Preparation of test solutions started with a loading rate of 100 mg/L applying 23 hours of magnetic stirring to ensure reaching maximum dissolution in test medium. The resulting emulsion was subsequently left to settle for approximately 2½ hours resulting in a clear and colourless solution with a floating layer of undissolved test item. The Water Soluble Fraction (WSF) was then collected by means of siphoning. The lower test concentrations were prepared by subsequent dilutions of the WSF in test medium. The final test solutions were all clear and colourless.

After preparation, volumes of 50 mL (combined range-finding limit) or 120 mL (final test) were added to each replicate of the respective test concentration. Subsequently, 1.0 or 2.4 mL (comb. limit/range-finder and final test respectively) of an algal suspension was added to each replicate providing a cell density of 10^4 cells/mL.

Samples were taken from all treatments at t = 0 , 24 and 72h and analysed with a validated GC-FID method. At the start of the test, the actual test concentrations were 0.52, 1.6, 5.6, 18 and 60 mg/l in the test groups representing 1.0, 3.2, 10, 32 and 100% WSF, respectively. Despite using closed systems without headspace, measured concentrations decreased by approximately 30% during the first 24-hour period and by 70 to 80% during the entire 72-hour test period. Based on these results, the average exposure concentrations were calculated. The range tested based on TWA (Time Weighted Average) concentrations corresponded with 0.33, 0.85, 3.1, 11 and 32 mg/L.

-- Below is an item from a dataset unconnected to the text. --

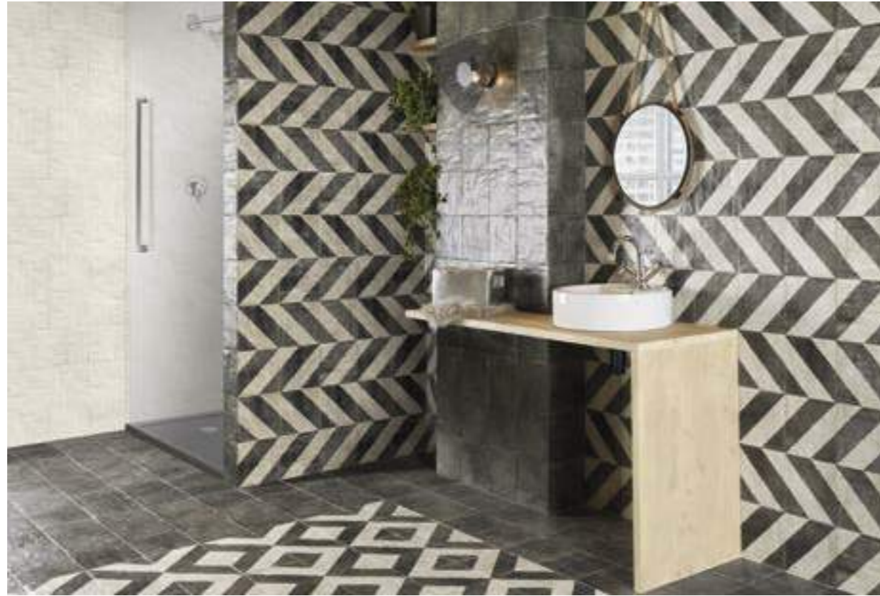
Tuscania White 20x20 · Tuscania Black 20x20 · Bergamo 20x20
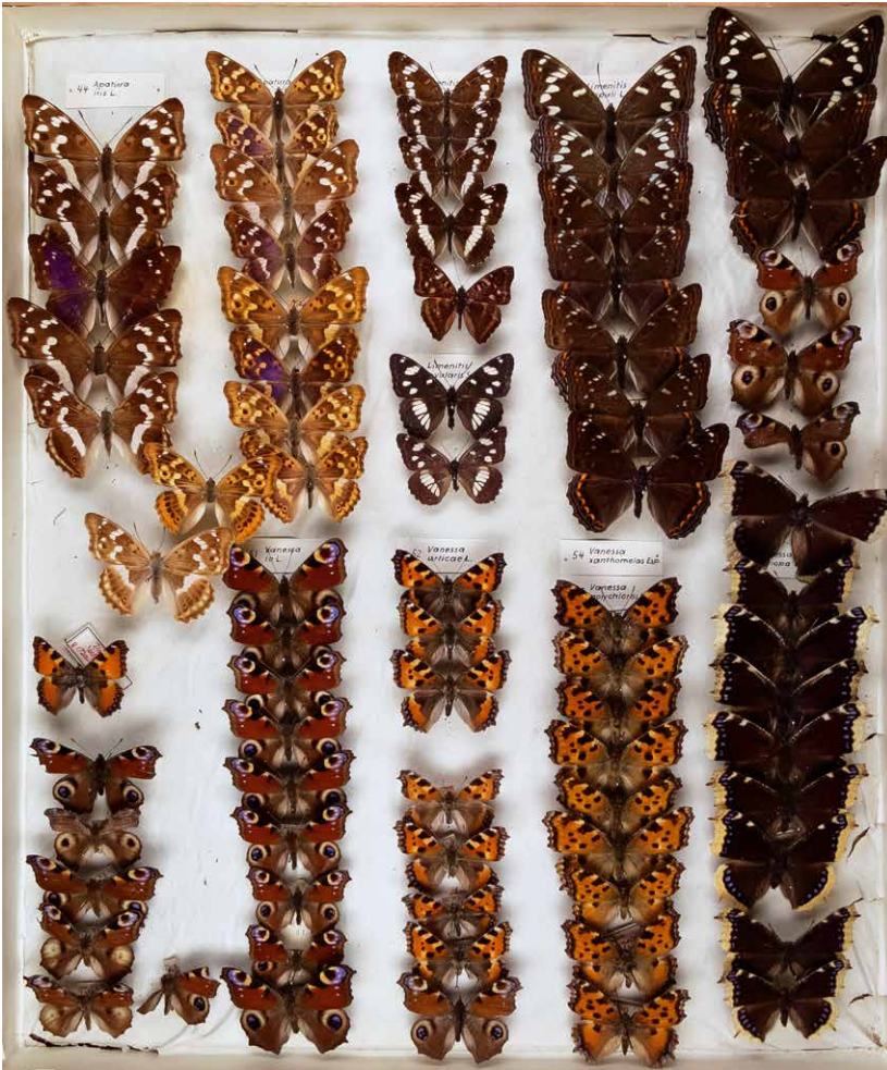
Abb. 5 Sammlung Paläarktische Tagfalter: Nymphalidae, I-0347-C, Foto: CARL AHNER, 2011.

The measured concentrations were comparable between the replicates with and without algae in the test group representing 10% WSF, indicating that the decrease of test substance in the test solution during the test period was not caused by adsorption to algae.

Statistically significant inhibition of growth rate was found at measured concentrations of 0.85 mg/L and higher, however, the effect observed at 0.85 and 3.1 mg/L was considered biologically insignificant (<10%) and therefore the NOEC based on TWA concentrations was set to 3.1 mg/L.

The ErC10 and ErC50 based on TWA concentrations were 10 and 14 mg/L, respectively.